A criminal trial is often a contest between competing stories. In the trial of Donald Trump that’s just begun, prosecutors used their opening statement yesterday to tell a story about a man they say lied — and broke the law — to get elected president.
The prosecutors said that Trump had paid $130,000 in hush money to a woman with whom he had an extramarital affair and that he had then filed false business records to pretend that the money was instead for legal fees. His actions were part of a pattern in which he repeatedly lied to shape his image, the prosecutors said, and it worked: He narrowly won the 2016 election.
The story that Trump’s lawyers offered in their own opening statements had two main features. First, they urged the jurors not to trust the witnesses who will testify against Trump, including Michael Cohen, Trump’s former lawyer, who previously pleaded guilty to making false statements. Second, Trump’s lawyers argued that his attempts to affect the election were ordinary politics.

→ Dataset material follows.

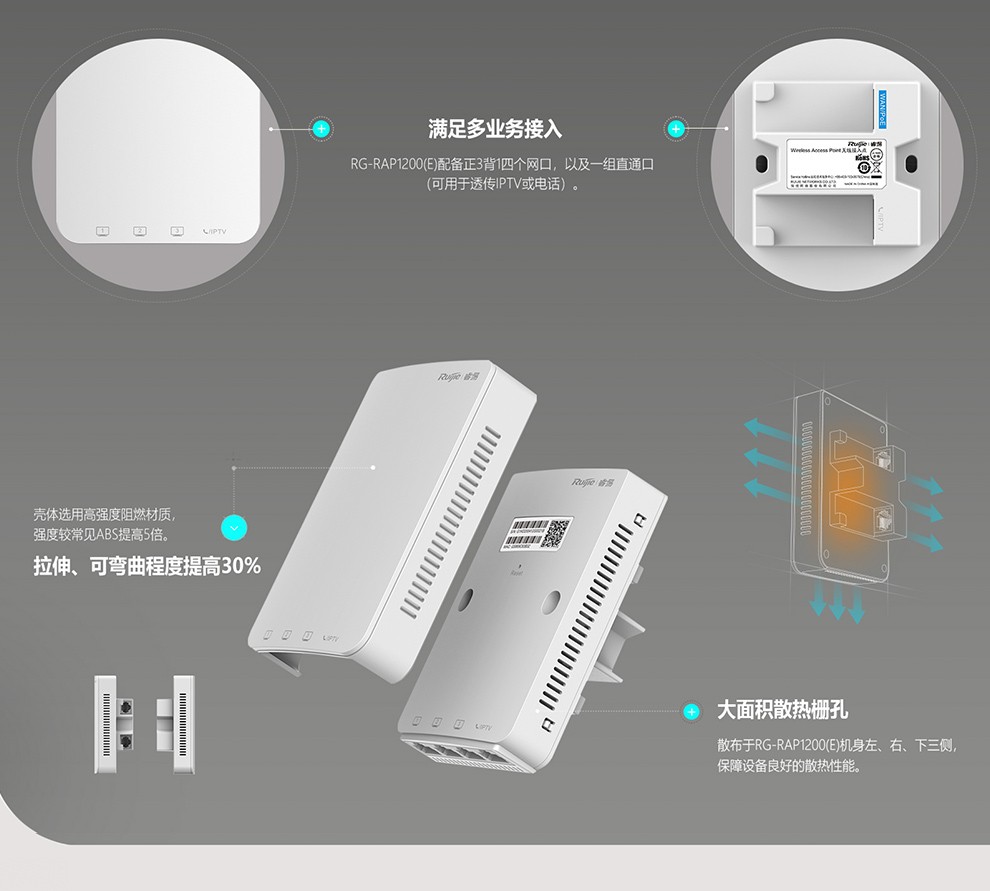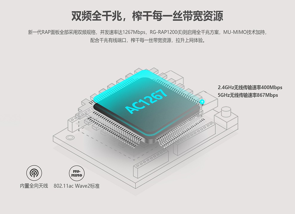 锐捷(Ruijie)无线ap面板千兆 双频1267M RG-RAP1200(E)双LAN口无线接入点 RG-RAP1200(E) 自营

“There’s nothing wrong with trying to influence an election,” Todd Blanche, one of Trump’s lawyers, said in his opening statement. “It’s called democracy.”
(Related: Our colleagues Jonah Bromwich and Ben Protess explain the trial’s opposing visions of Trump.)
Beyond the courtroom
The immediate audience for these dueling arguments is the jury of 12 New Yorkers who will decide the verdict. But there is also a larger audience that will judge the case, of course: American voters.